An argument against LLMs’ internal models is that their error rates seem to increase with the length of prompts. As an example to understand this argument, consider a game of chess. In the game played mentally, one only needs to track the current board state to answer questions, regardless of the conversation’s length. So, unless memory is faulty or one gets tired, there is no reason why the probability of making a mistake (like forgetting how a piece moves) would increase as the game gets longer if one has an internal model of the game.

However, without internal world representations, LLMs might only learn correlations between sequences of instructions and end states, leading to a higher likelihood of mistakes with longer prompts.

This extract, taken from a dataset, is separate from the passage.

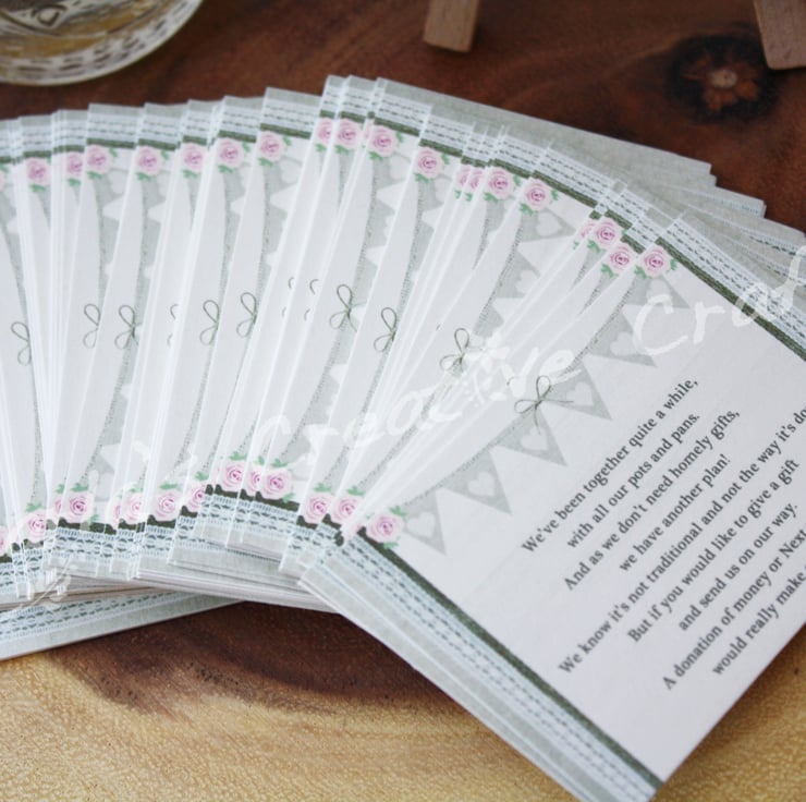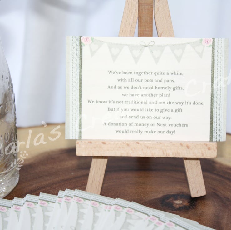 Beautiful hand crafted Shabby Chic Wedding Money Poems, made just for you.

This limitation is significant because if these language models are to be used for tasks beyond linguistic manipulation, such as planning, problem-solving, or decision-making, they must be able to simulate and predict outcomes for extended sequences. Without the ability to learn a model of the world, these models will be severely limited in the complexity of problems they can solve.

Furthermore, building internal models from linguistic interaction alone may be fundamentally impossible. If true, then we will need a qualitative improvement in our AI systems, a new approach that surpasses the capabilities of large language models.

Moving forward

As we welcome AI into our lives, we can contemplate what has undoubtedly been the some of the most impactful years of Artificial Intelligence since the birth of the field around the 1960s. The next few years will be about cristalizing the many potential applications of AI into actual, useful products that might usher a new era of abundance like we’ve never seen before. Even if we hit a major theoretical barrier, and there is now new scientific development that has led to AGI for decades, we still have years ahead to harvest what’s already possible with current AI technology.

But the future is never certain. Artificial intelligence is the most powerful technology we have, and as such, it is also the most dangerous. There are deeply troubling problems and challenges in the short and medium term, for which we have little guarantee we can solve them. Only with the collective effort of researchers, engineers, lawmakers, creators, and the general public can we stand a chance to overcome them.

In any case, if you feel like the year has passed and you got left behind, worry not; today is the best moment to get into AI. Whatever your profession and your interests, there is something in the field of AI for you. If you care about fundamental theory, AI questions are some of the most challenging open questions in math and logic. If you care about engineering, some of the most interesting pragmatic problems are about scaling AI. If you care about ethics and society, one of the most critical questions ahead is how to deal with this tech’s massive impact on our lives. And if you just want to have fun, you now have one of the most powerful technologies ever made at your fingertips.